Given records:
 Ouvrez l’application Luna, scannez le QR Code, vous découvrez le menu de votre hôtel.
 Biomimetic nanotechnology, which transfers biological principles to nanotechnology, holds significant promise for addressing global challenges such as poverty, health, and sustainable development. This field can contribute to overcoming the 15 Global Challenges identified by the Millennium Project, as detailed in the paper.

* * *

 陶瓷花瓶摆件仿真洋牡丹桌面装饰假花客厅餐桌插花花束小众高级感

==

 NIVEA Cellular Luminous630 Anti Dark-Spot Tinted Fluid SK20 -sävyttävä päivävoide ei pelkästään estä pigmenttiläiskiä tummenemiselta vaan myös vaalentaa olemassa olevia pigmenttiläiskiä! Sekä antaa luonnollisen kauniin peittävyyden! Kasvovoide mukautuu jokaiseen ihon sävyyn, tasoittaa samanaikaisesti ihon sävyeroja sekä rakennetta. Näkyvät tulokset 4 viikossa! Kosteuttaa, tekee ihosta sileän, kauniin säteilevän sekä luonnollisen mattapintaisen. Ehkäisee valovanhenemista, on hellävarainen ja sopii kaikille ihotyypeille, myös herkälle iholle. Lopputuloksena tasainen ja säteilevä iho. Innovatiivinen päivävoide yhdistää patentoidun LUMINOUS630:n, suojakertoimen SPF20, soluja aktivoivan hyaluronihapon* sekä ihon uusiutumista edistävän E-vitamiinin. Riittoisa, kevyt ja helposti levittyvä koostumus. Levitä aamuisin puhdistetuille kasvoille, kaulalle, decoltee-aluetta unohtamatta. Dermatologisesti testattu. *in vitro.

Task directions:
Start with the line above that contains "Ouvrez l’application Luna, scannez" and end with the line that contains "Biomimetic nanotechnology, which". Write out those lines exactly, and only those.

Response area:
 Ouvrez l’application Luna, scannez le QR Code, vous découvrez le menu de votre hôtel.
 Biomimetic nanotechnology, which transfers biological principles to nanotechnology, holds significant promise for addressing global challenges such as poverty, health, and sustainable development. This field can contribute to overcoming the 15 Global Challenges identified by the Millennium Project, as detailed in the paper.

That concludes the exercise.